Netty Version: lastest master (94bf412)

/cc @Scottmitch @nmittler

I have a serious issue (it is actually a blocker) that is preventing me from releasing the next version of our product (which will support HTTP/2 traffic). I would really appreciate it if this could be resolved quickly. I am more than willing to help out with this (submit a PR) as long as someone can help point me in the right direction to fixing this issue.

Issue Details
When sending a large response to a client, the flow controller fails to send the entire response. This is very similar to #4052, but is not solved by the fix for that issue.

The problem stems from the fact that the flow controller and state only write up to N allocated bytes here. If there are still pending bytes to write, the flow controller should trigger another write, after flushing. Unfortunately, at this time, all it will do is flush the N allocated bytes, something must be done so that it will trigger another write (and subsequent flush). I don't know how it should accomplish that. I am aware there is a pending pull request for 'stream writability' (#4227), but I don't believe it goes far enough to fix this issue on its own.

Example
Given:
HttpServer which receives a request, generates a FullHttpResponse, and calls writeAndFlush. The pipeline is configured to convert the FullHttpResponse to HTTP/2 Frames.

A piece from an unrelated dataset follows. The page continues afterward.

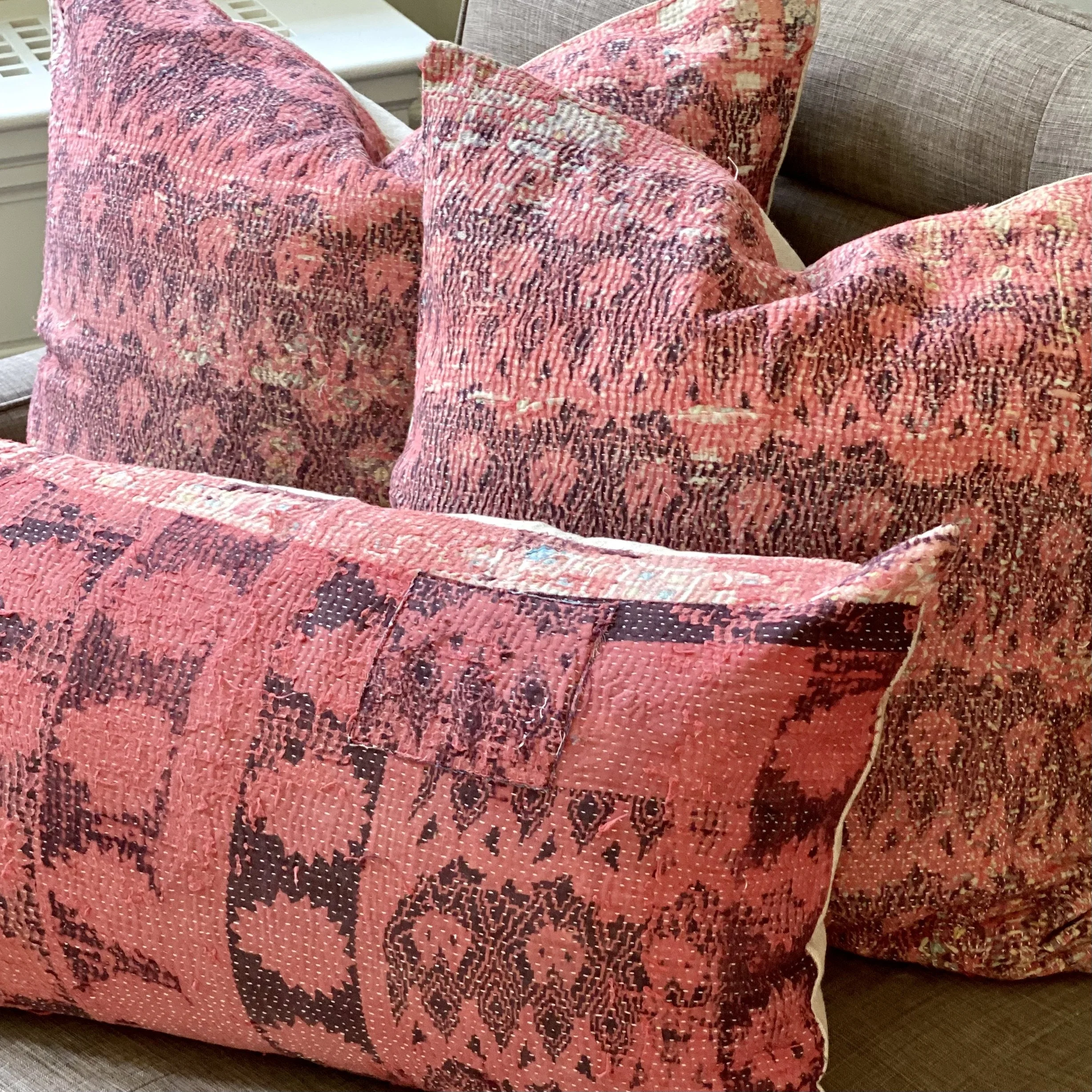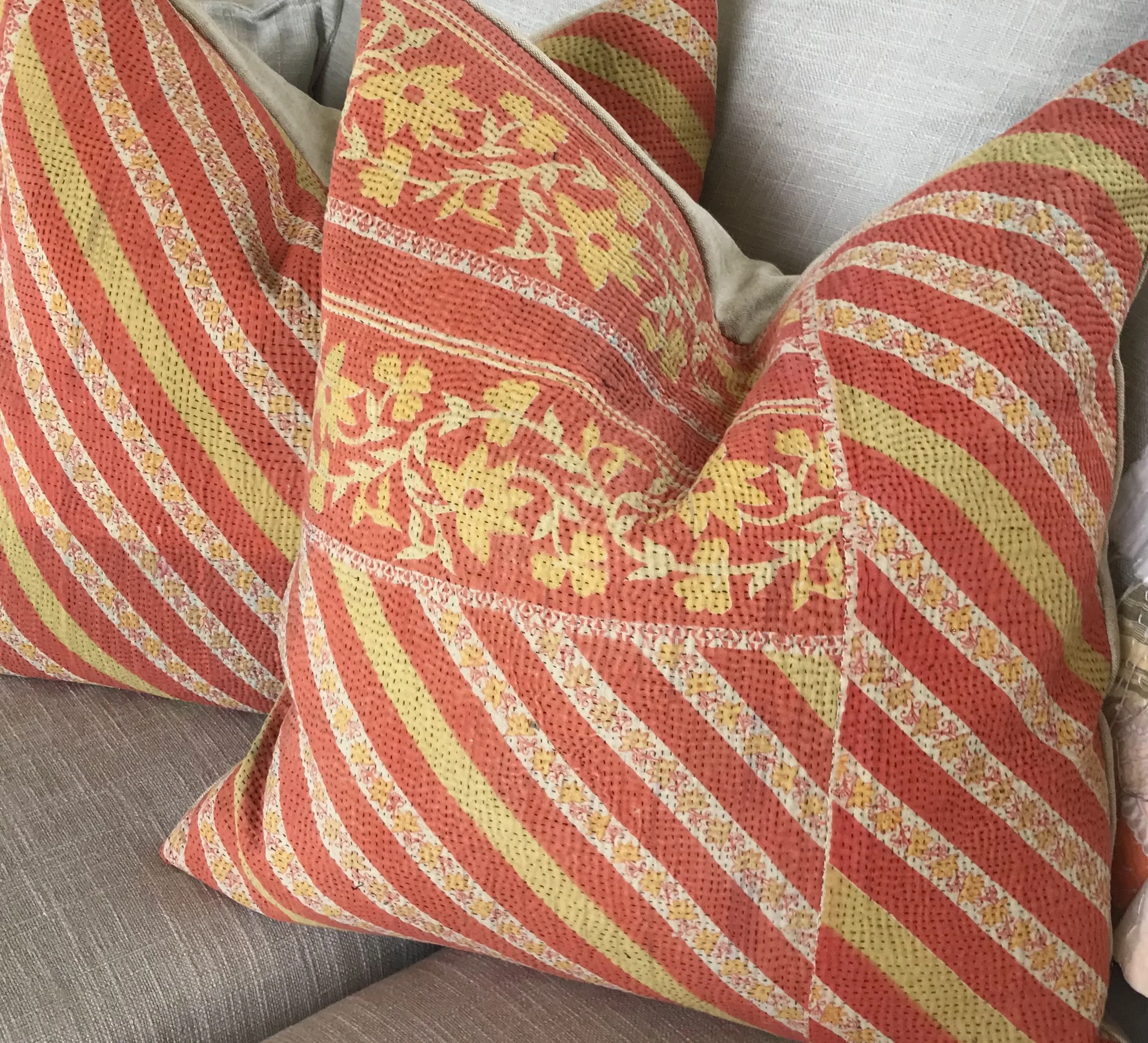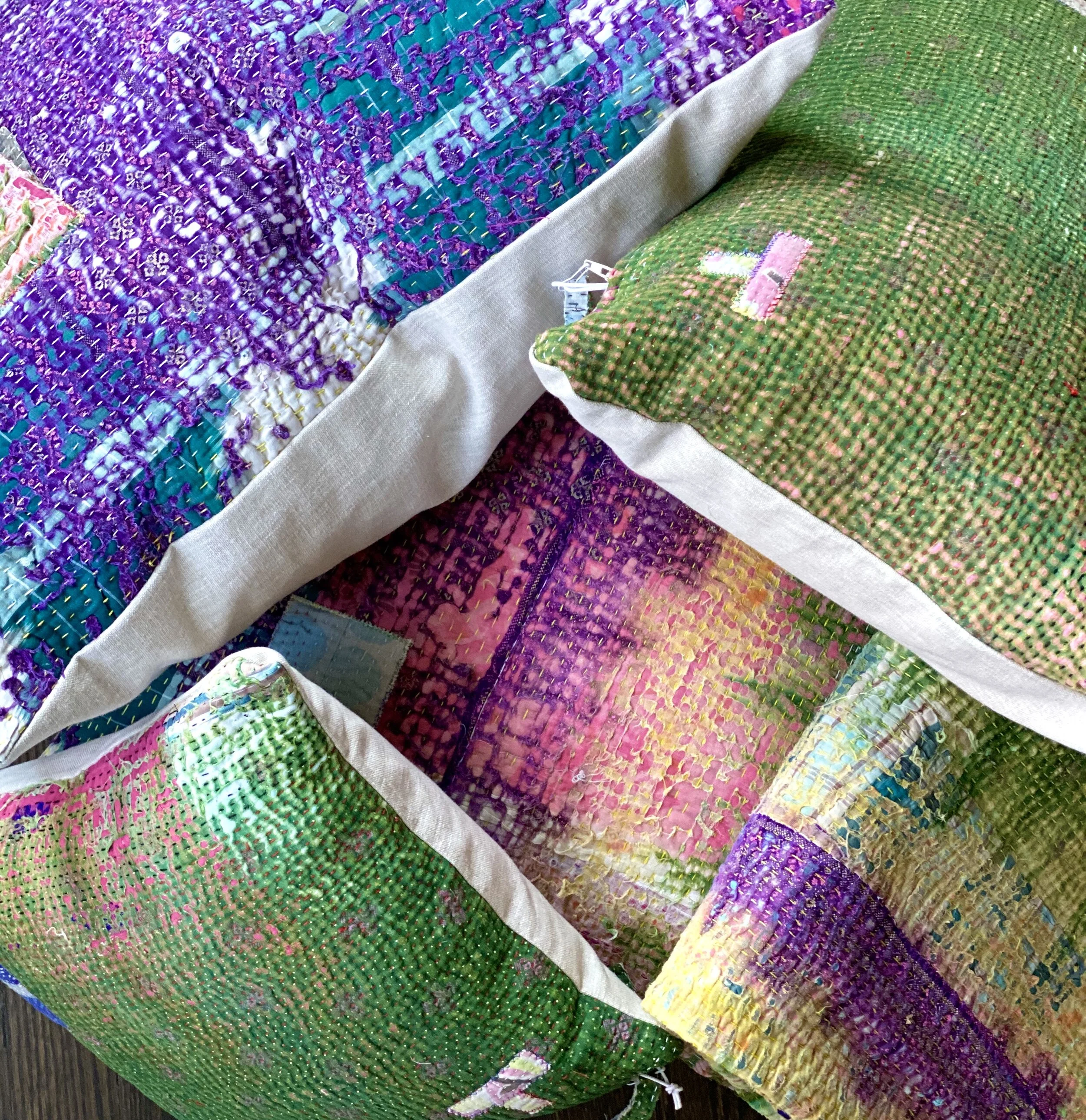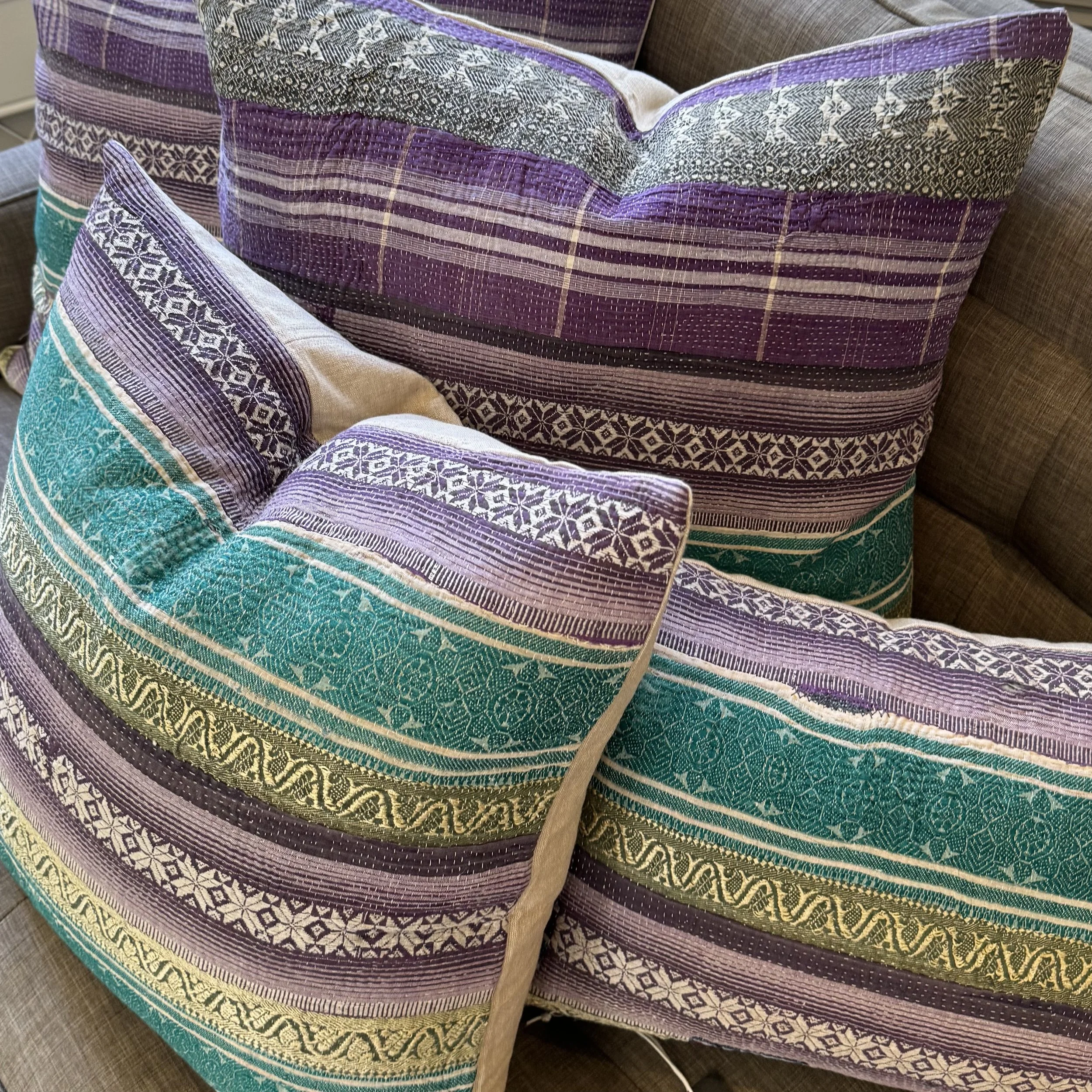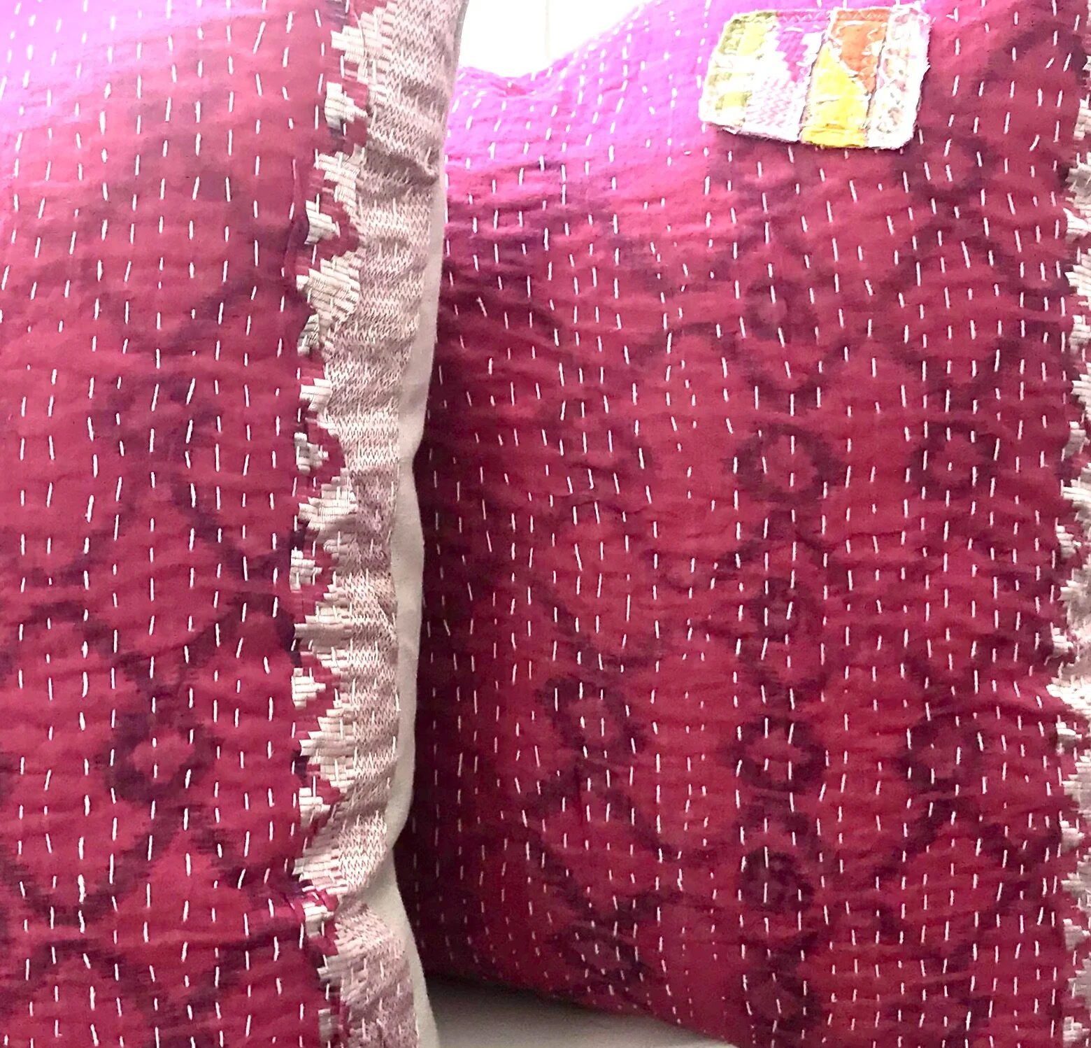 The Face - The face of our pillows are made with organic hand stitched tribal vintage kantha textiles.

Response / Channel / Stream Info:
Response size: 100,000 bytes
Channel WriteBuffer High Watermark: 65,535 bytes
Stream allocated bytes: 43,000 bytes

Given the scenario above:

  1. Http2ConnectionHandler receives a call to flush the converted FullHttpResponse and tells the flow controller to write the pending bytes.
  2. the flow controller calculates the number of bytes to write (allocate) for the stream.
  3. the flow controller then triggers a write N allocated bytes for each stream.
  4. DefaultState will write 43,000 bytes down the pipeline.
  5. Http2ConnectionHandler will then trigger a flush to flush the 43,000 bytes to the socket.

So the problem is that only the first 43,000 bytes were sent to the socket. The other 57,000 bytes still need to be sent.

The reason we did not get this problem with #4052 was because the Stream allocate bytes was set to a value much closer to the Channel WriteBuffer High Watermark. That triggered a channelWritabilityChanged event, which ended up writing/flushing more and more of the response to the socket. Below is an example of what I mean:

Response / Channel / Stream Info:
Response size: 100,000 bytes
Channel WriteBuffer High Watermark: 65,535 bytes
Stream allocated bytes: 65,500 bytes

Given the scenario above:

  1. Http2ConnectionHandler receives a call to flush the converted FullHttpResponse and tells the flow controller to write the pending bytes.
  2. the flow controller calculates the number of bytes to write (allocate) for the stream.
  3. the flow controller then triggers a write N allocated bytes for each stream.
  4. DefaultState will write 65,500 bytes down the pipeline.
  5. Http2ConnectionHandler will then trigger a flush to flush the 65,500 bytes to the socket.
  6. SslHandler encrypts the 65,500 bytes, adding a further N number of bytes thus triggering a channelWritabilityChanged event.
  7. ChannelWritabilityChanged event triggers further writes/flushes to the socket.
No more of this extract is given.